When Mordecai commanded Esther _initially_ not to reveal her Jewish identity, who is to say this is not wisdom given him from God, seeing as the curses of the broken covenant laid heavily upon the people in this diaspora, and he may well have had Deut 28:65,66 or the like in mind:
“And among these nations shalt thou find no ease, neither shall the sole of thy foot have rest: but the LORD shall give thee there a trembling heart, and failing of eyes, and sorrow of mind: And thy life shall hang in doubt before thee; and thou shalt fear day and night, and shalt have none assurance of thy life”.​ 
When Mordecai became aware of the decree of destruction levied against him and his people—the flock of the LORD— it is said of him, “When Mordecai learned all that had happened, he tore his clothes and put on sackcloth and ashes, and went out into the midst of the city. He cried out with a loud and bitter cry” (4:1). Who is to say that this “loud and bitter cry” was not to Jehovah of hosts in the presence of all, for doom had openly been pronounced upon him and all his kindred, the people of the living God? Why must this suspicion of his character be read into the text when it is certainly not inherent in it?

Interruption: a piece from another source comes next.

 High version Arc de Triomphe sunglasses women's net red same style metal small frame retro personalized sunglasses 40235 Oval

When, later, Mordecai, upon hearing of Esther’s reluctance to gain entrance to the king unbidden on possible pain of death, it is recorded,
“Then Mordecai commanded to answer Esther, Think not with thyself that thou shalt escape in the king’s house, more than all the Jews. For if thou altogether holdest thy peace at this time, then shall there enlargement and deliverance arise to the Jews from another place; but thou and thy father’s house shall be destroyed: and who knoweth whether thou art come to the kingdom for such a time as this?”​ 
Where could such “enlargement and deliverance arise” for the Jews but from El Shaddai? Who alone could have brought her where she was “for such a time as this”? This is faith speaking! And this was the appointed time to reveal to the king the true identity of the woman he loved. Her obedient—and famous—response was,
“Go, gather together all the Jews that are present in Shushan, and fast ye for me, and neither eat nor drink three days, night or day: I also and my maidens will fast likewise; and so will I go in unto the king, which is not according to the law: and if I perish, I perish.” (4:16)​ 
Can one possibly think that these particular Jews, familiar with the Law, had no faith? Can one imagine that Esther told Mordecai to have the people merely cease from eating three days, and not to call upon the LORD who is a very present help in time of trouble? The narrator skillfully chose to keep overt faith—and God’s name—hidden in the background.

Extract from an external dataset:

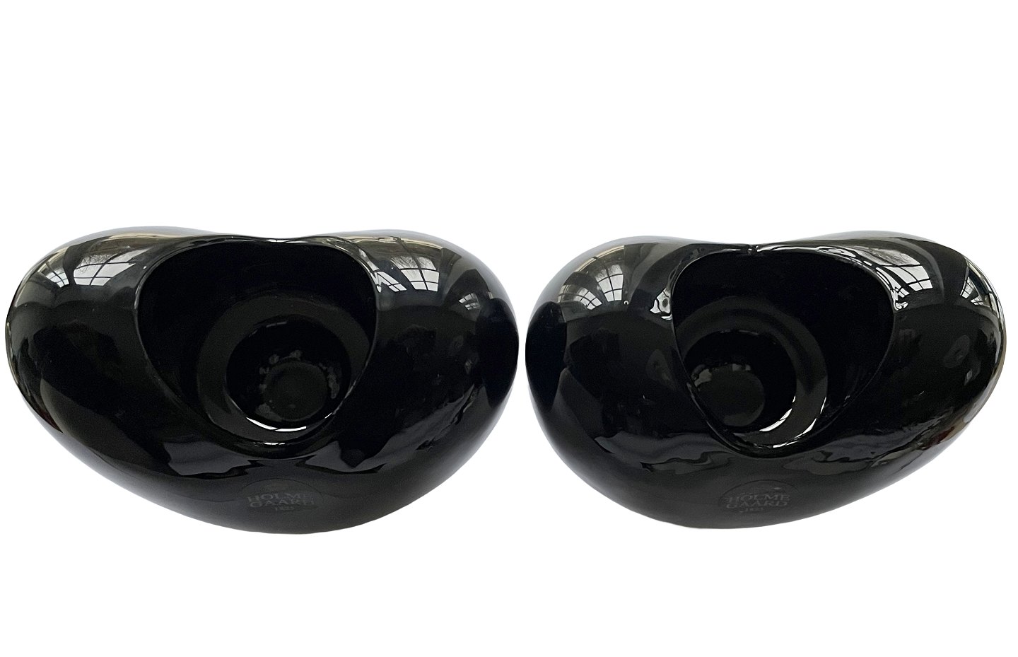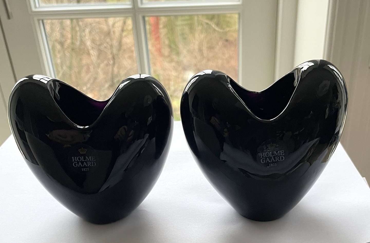 Holmegaard, Heart, sort lysestage til fyrfad og almindeligt lys. Designet af Anja Kjær i 2005. En del af Heart and Roses serien, som er slanke sokkel lysestager. Højde 10 cm. Længde 10 cm. Lidt brugsspor i form af småridser. Pris: 350 kr. for et sæt på 2

This precious book of God’s word is not only about the wisdom and courage He gives His people, but a poignant display of His hidden providence in the caring of them, even applicable in our day, as we see the horizon darken with a gathering storm.

We see this providence again when she approached king Ahasuerus: “And it was so, when the king saw Esther the queen standing in the court, that she obtained favour in his sight” (5:2), and he welcomed her in with a glad and generous heart (showing the truth of Proverbs 21:1).

We continue to see the loving and spectacular providences of the Almighty as the story goes on. As for us in 2015, even though we have the full canon of God’s revealed word to humankind, as well the final and crowning climax of prophetic vision to His people—the Apocalypse of John—we tend to worry about how it will fare for us _when all around *our* souls gives way_ in the days to come, and this story is a good antidote to such worry. God’s providential care operates in the minutiae of our circumstances and lives, with the remarkable precision of timing it did for Esther and Mordecai. We can fully trust Him.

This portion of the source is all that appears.